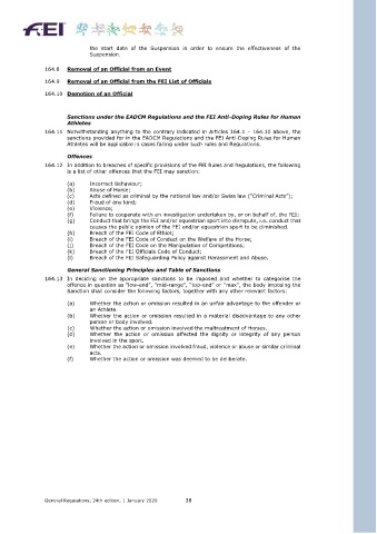 164.12 In addition to breaches of specific provisions of the FEI Rules and Regulations, the following
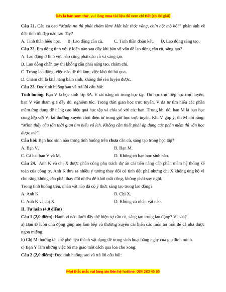 Câu 20. Người có đức tính lao động cần cù, sáng tạo sẽ
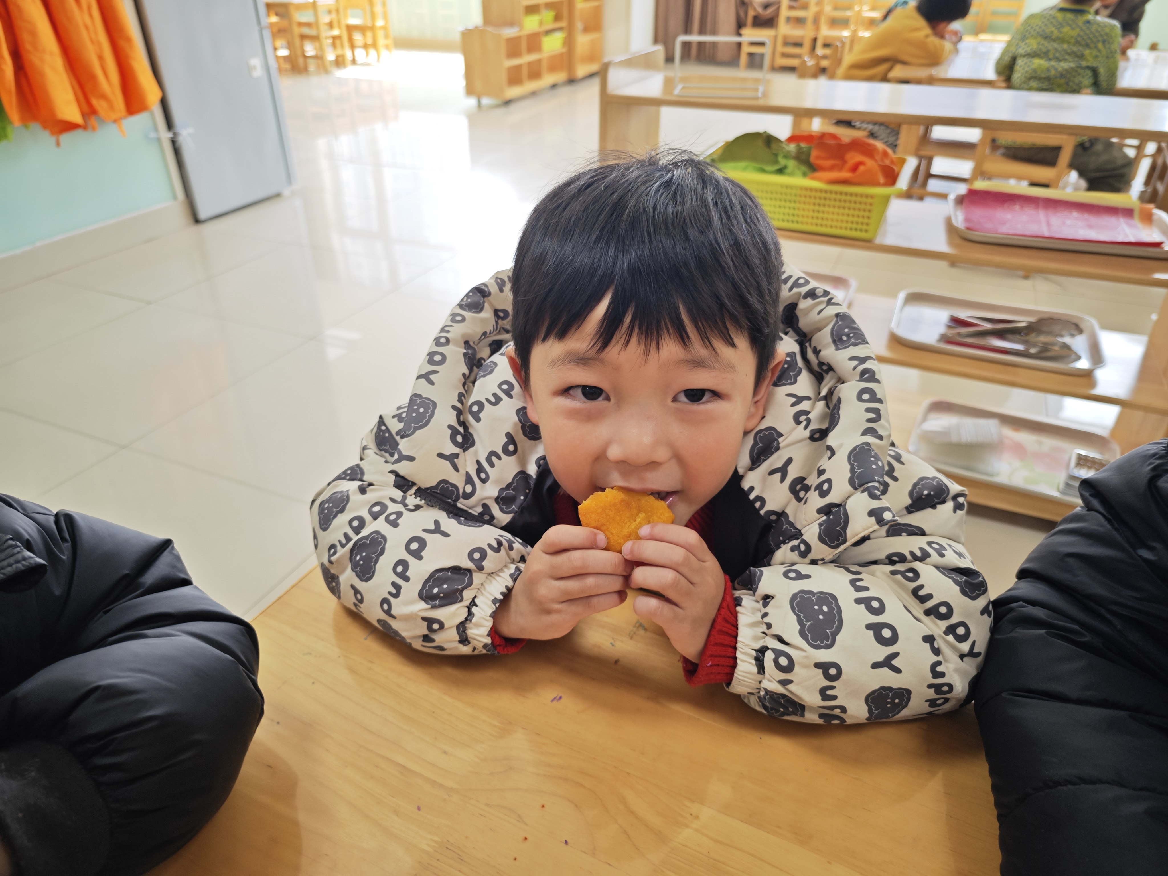 在教师协助煎制时,孩子们围在一旁耐心等待,闻着渐渐飘出的香甜气味,充满期待。南瓜饼出锅后,大家一同品尝自己亲手制作的美食,分享劳动带来的快乐。整个活动氛围轻松愉快,不仅锻炼了幼儿的动手能力与合作意识,也让孩子们在实践中体验劳动的乐趣,感受自己动手、收获美味的成就感。
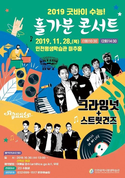 인천평생학습관은 2019학년도 대학수학능력시험을 마친 고3 수험생들을 격려하고자 오는 11월 28일미추홀에서 “2019 굿바이 수능 홀가분 콘서트”를 개최한다고 밝혔다.

[What the exercise asks] An exact copy of the listing is required, excluding any pictures.

[Written response]
 164.12 In addition to breaches of specific provisions of the FEI Rules and Regulations, the following
 Câu 20. Người có đức tính lao động cần cù, sáng tạo sẽ
 在教师协助煎制时,孩子们围在一旁耐心等待,闻着渐渐飘出的香甜气味,充满期待。南瓜饼出锅后,大家一同品尝自己亲手制作的美食,分享劳动带来的快乐。整个活动氛围轻松愉快,不仅锻炼了幼儿的动手能力与合作意识,也让孩子们在实践中体验劳动的乐趣,感受自己动手、收获美味的成就感。
 인천평생학습관은 2019학년도 대학수학능력시험을 마친 고3 수험생들을 격려하고자 오는 11월 28일미추홀에서 “2019 굿바이 수능 홀가분 콘서트”를 개최한다고 밝혔다.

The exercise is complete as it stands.